Serene, reverent, measured. Ancient psionic oracle tone. Use psionic and Khala
vocabulary. Prefer words like restored, harmonized, purified, aligned,
transcendent, reclaimed. Examples:
Psionic task matrix completed
Khala's light restored
Ancient code harmonized
The path forward illuminated

Fallback Phrases

When the LLM is unavailable (no API key, timeout, etc.), Voxlert picks a random phrase from fallback_phrases. Categories (used by Claude Code, Cursor, and OpenClaw via plugin — see OpenClaw integration):

Category When
task.complete Agent finishes a task
task.acknowledge User sends a prompt
task.error A tool call fails
input.required Agent needs approval
resource.limit Context window nearing limit
session.start New session begins
session.end Session ends
notification General notification

If a pack doesn't define fallback phrases, global defaults are used.

Voice Reference File

The voice.wav file is a short (5-15 second) WAV sample used by Chatterbox TTS to clone the character's voice. Use clean audio with minimal background noise.
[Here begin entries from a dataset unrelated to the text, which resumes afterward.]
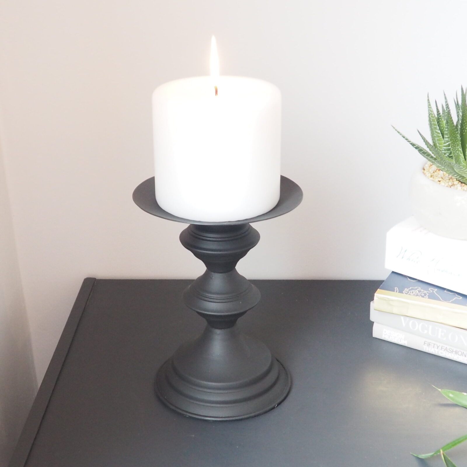 The perfect finishing touch to your festive dining table or fireplace, this chunky black pillar candle holder will add soft mood lighting to any occasion. Use them as part of a table setting or centrepiece to wow your guests.
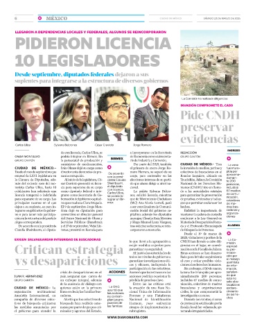 la Cámara de Diputados, ade- Al inicio de la legislatura, Cé- denta Claudia elecciones internas de su parti- Teuchitlán, Jalisco, la Comisión damen-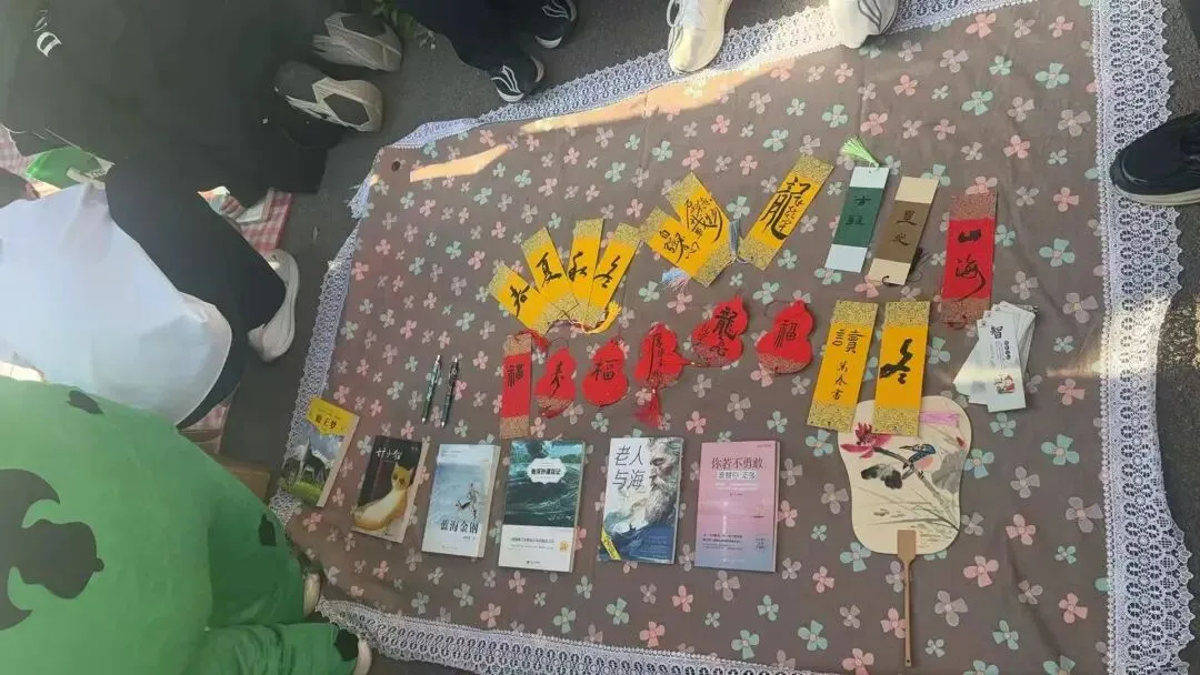 一句句朗朗上口的摊主口号、一张张色彩明快的宣传海报、一件件整齐归类的书籍文创,尽显同学们的巧思与热情,为这场书香盛会做好充分准备。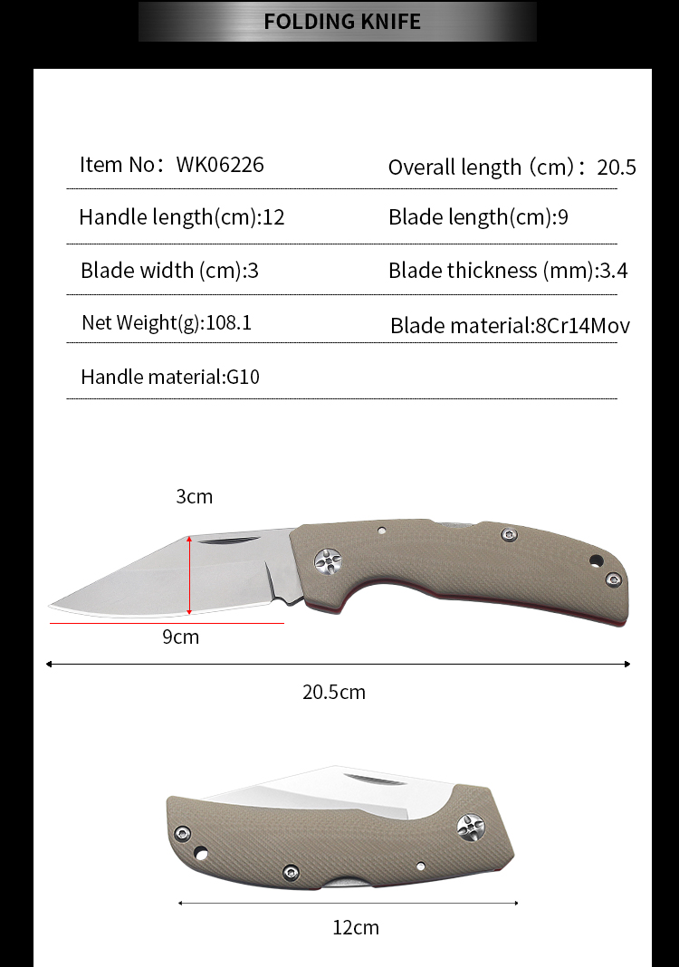 | Item | WK06226 G10 8Cr14mov Survival Folding Camping Knife |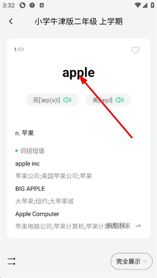 4、点击单词进入详情页后,你将看到该单词的英美式发音、详细释义,以及相关的词组和短语等拓展内容。点击【完全展示】即可查看该单词的更多相关信息。

Note: Do not commit copyrighted voice samples. Use your own recordings or freely licensed audio.

Testing

Test your pack with the CLI:

# Switch to your pack
voxlert pack use my-character

# Test the full pipeline (LLM -> TTS -> audio)
voxlert test "Fixed a bug in the login form"

# View pack details
voxlert pack show

Backward Compatibility

Packs using the old system_prompt field (instead of style) still work. The system_prompt value is used as a raw style override. New packs should use style.